- **SUPPLIED INFORMATION**
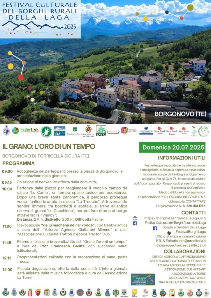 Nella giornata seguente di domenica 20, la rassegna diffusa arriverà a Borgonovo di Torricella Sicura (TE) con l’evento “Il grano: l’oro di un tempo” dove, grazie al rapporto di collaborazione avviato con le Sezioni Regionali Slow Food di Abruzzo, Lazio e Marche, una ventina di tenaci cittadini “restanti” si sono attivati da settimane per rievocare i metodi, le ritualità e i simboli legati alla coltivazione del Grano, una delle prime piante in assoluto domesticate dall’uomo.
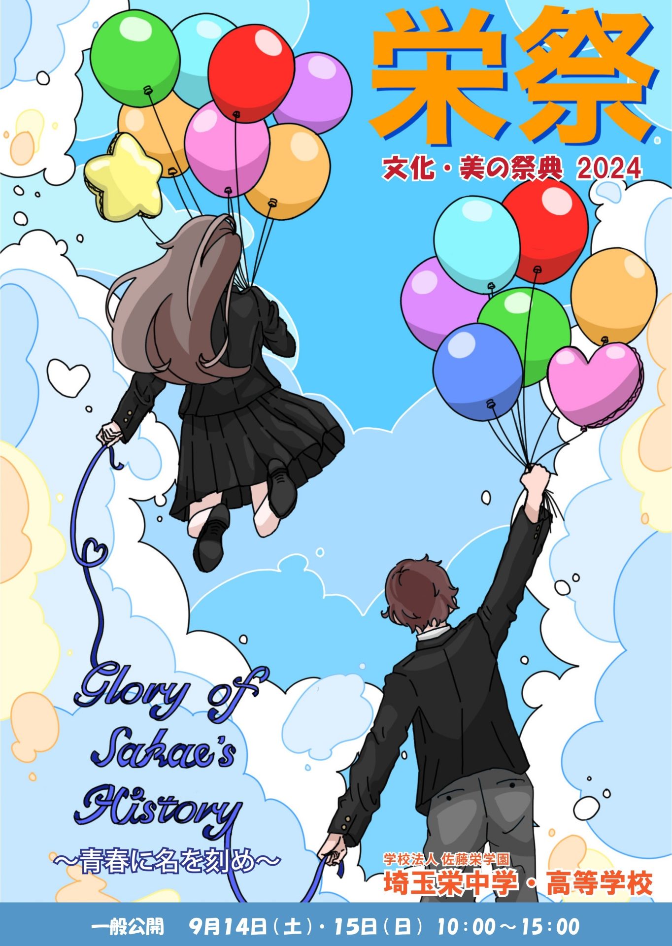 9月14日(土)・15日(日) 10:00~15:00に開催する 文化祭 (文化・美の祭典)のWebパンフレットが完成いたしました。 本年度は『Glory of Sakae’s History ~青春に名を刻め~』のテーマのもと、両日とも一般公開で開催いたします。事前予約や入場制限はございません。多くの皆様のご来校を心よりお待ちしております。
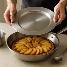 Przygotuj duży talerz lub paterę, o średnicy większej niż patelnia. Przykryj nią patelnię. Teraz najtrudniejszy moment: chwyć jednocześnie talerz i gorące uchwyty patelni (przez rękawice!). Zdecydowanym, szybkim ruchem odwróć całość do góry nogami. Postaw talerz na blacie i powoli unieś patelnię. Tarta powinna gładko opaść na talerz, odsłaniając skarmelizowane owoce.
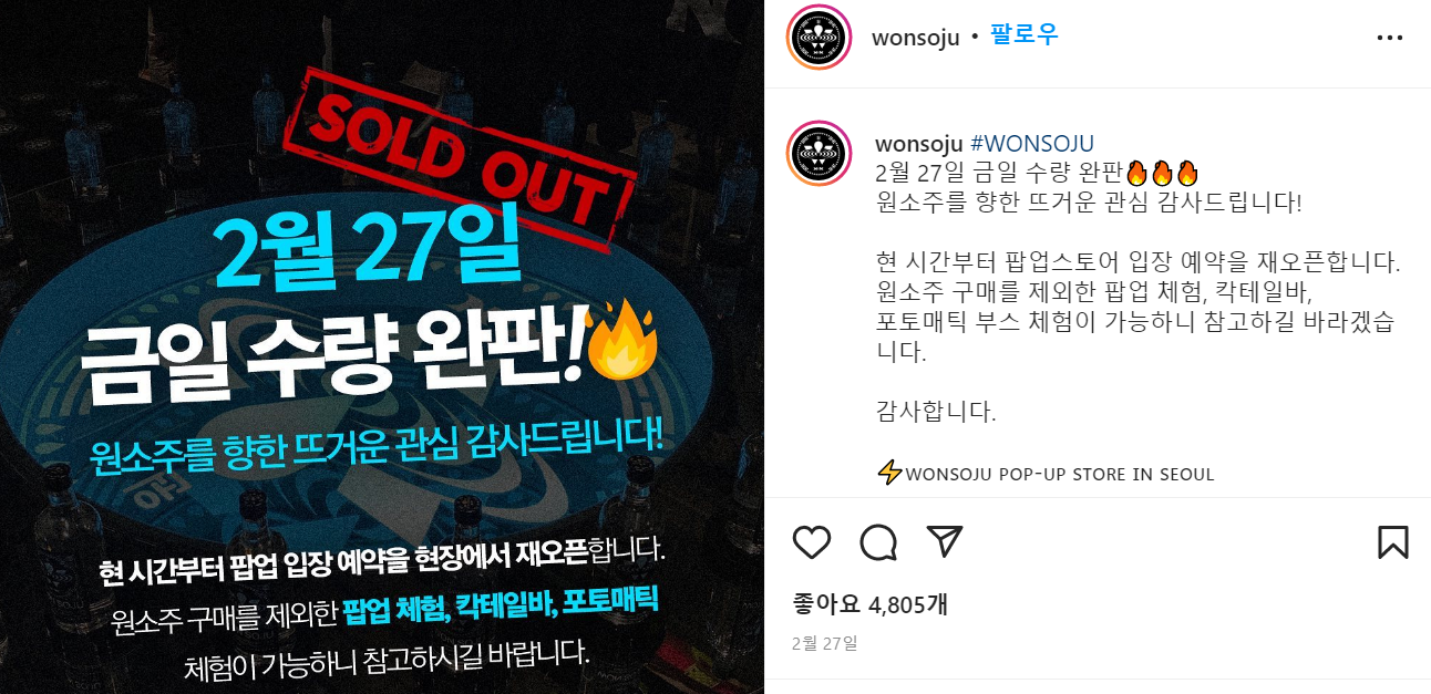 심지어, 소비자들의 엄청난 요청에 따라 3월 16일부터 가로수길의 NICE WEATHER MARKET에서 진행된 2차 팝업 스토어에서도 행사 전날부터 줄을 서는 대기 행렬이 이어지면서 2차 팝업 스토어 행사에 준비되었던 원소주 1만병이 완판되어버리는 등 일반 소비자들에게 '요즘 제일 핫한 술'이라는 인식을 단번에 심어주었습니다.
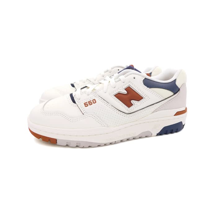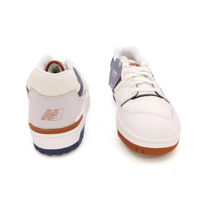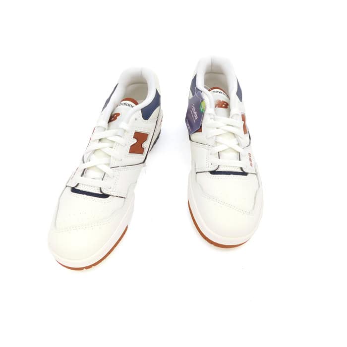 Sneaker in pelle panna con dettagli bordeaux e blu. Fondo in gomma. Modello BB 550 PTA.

* * *

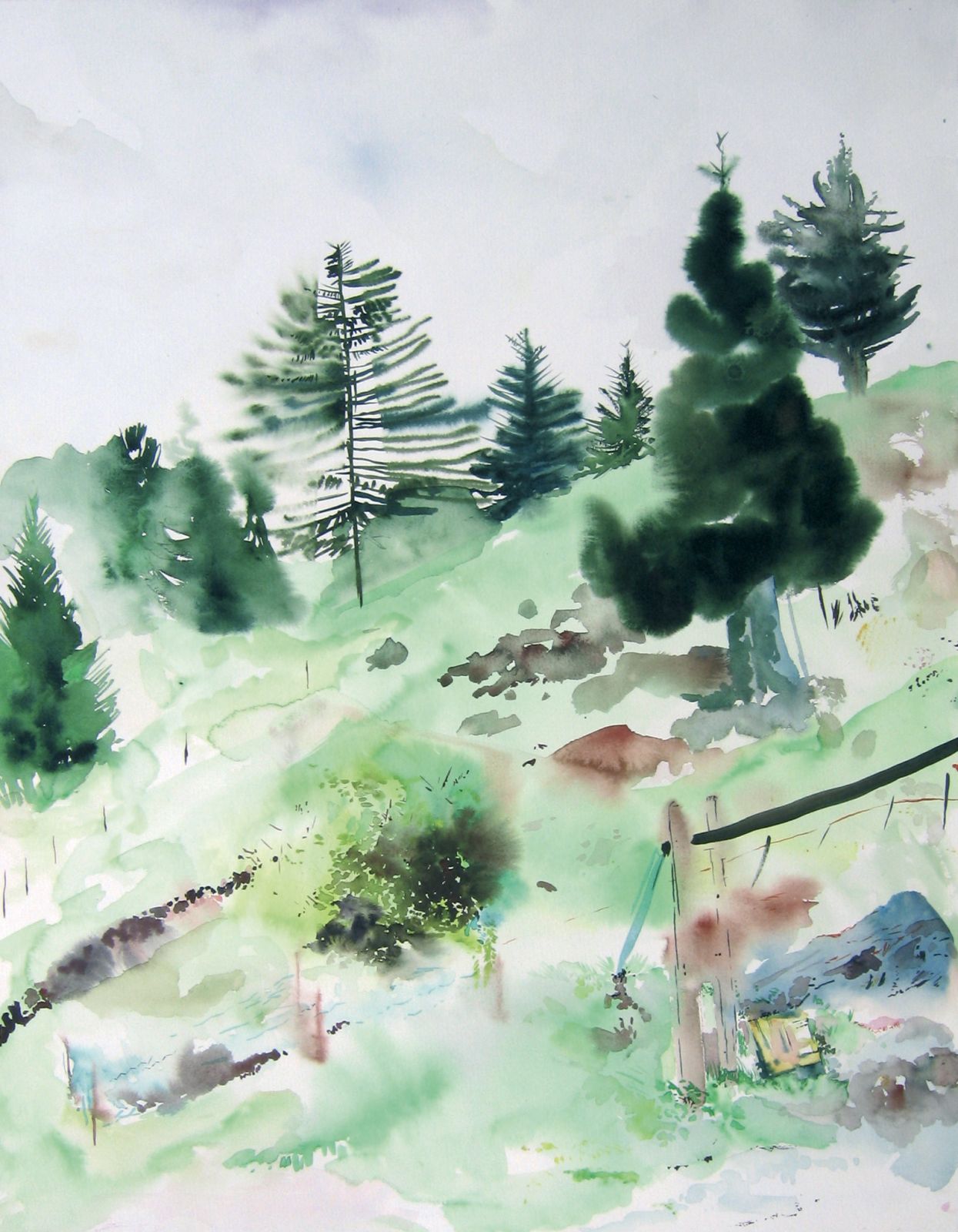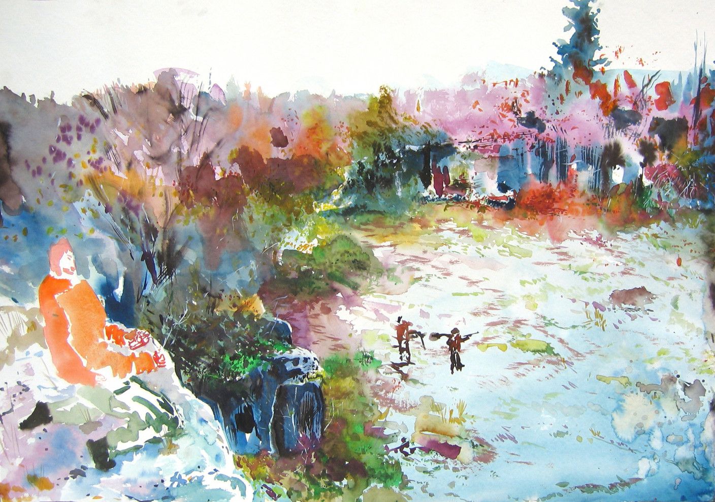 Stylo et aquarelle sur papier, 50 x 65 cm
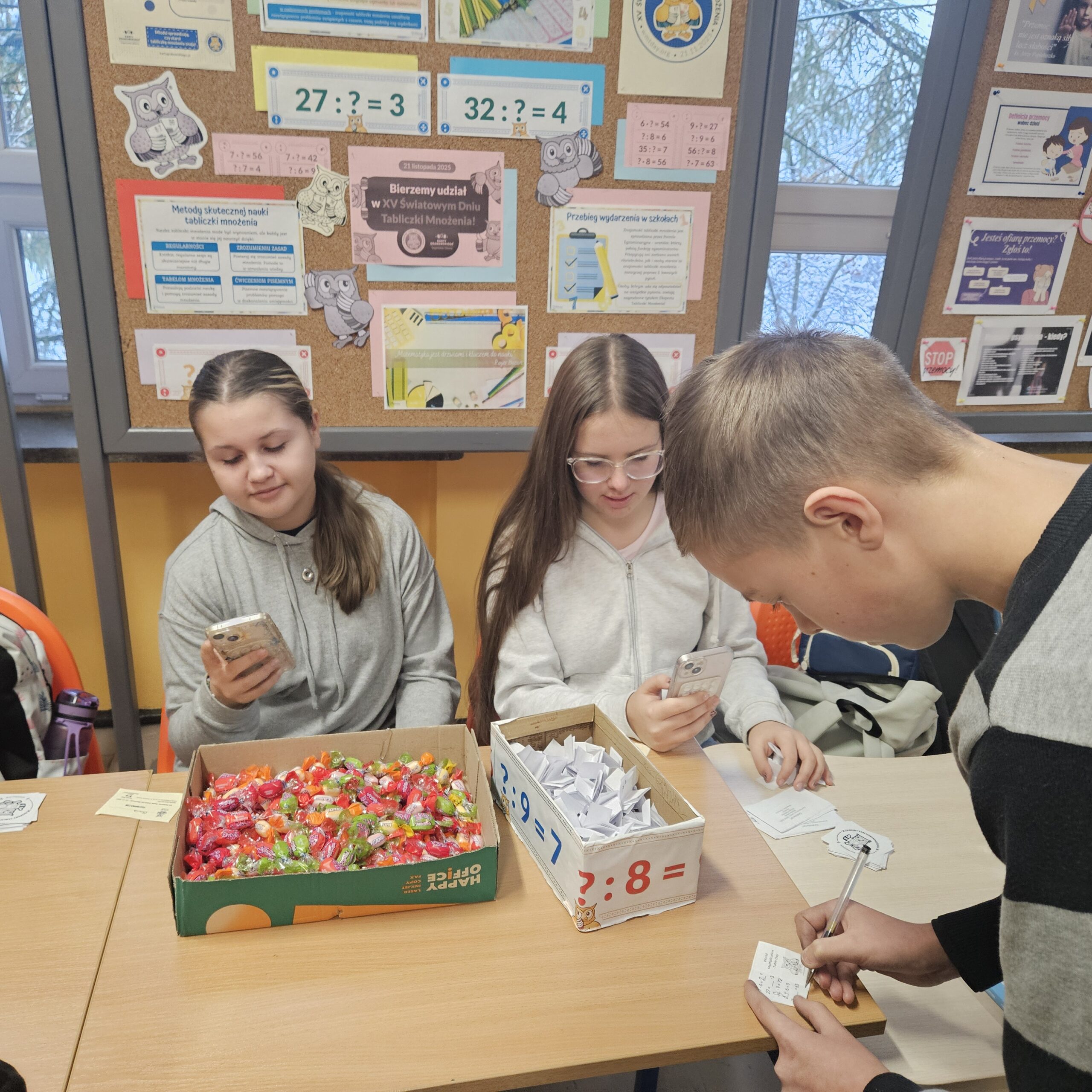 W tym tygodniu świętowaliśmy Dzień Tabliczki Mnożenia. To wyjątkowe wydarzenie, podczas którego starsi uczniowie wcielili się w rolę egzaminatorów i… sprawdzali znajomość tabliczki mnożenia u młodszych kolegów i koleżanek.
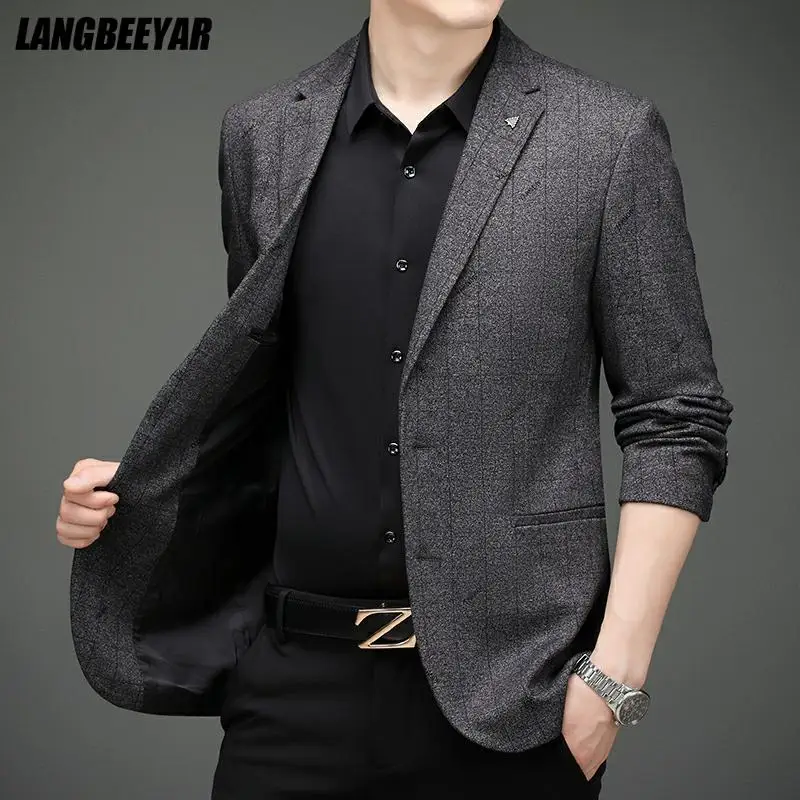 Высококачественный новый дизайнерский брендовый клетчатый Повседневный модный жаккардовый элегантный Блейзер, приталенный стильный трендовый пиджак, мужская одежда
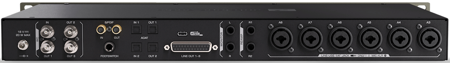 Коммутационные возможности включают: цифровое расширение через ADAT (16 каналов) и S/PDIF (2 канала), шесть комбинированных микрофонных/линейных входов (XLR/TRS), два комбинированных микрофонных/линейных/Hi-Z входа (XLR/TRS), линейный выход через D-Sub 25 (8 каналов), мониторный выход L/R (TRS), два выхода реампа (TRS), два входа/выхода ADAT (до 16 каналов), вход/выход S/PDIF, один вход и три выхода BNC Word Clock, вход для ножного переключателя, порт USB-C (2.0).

- **WHAT YOU NEED TO DO**
Your reply is to be an exact repeat of the listing above from the line holding "Stylo et aquarelle sur papier, 50 x 65 cm" down to the line holding "Высококачественный новый дизайнерский", ends included, pictures excluded.

- **RESPONSE**
 Stylo et aquarelle sur papier, 50 x 65 cm
 W tym tygodniu świętowaliśmy Dzień Tabliczki Mnożenia. To wyjątkowe wydarzenie, podczas którego starsi uczniowie wcielili się w rolę egzaminatorów i… sprawdzali znajomość tabliczki mnożenia u młodszych kolegów i koleżanek.
 Высококачественный новый дизайнерский брендовый клетчатый Повседневный модный жаккардовый элегантный Блейзер, приталенный стильный трендовый пиджак, мужская одежда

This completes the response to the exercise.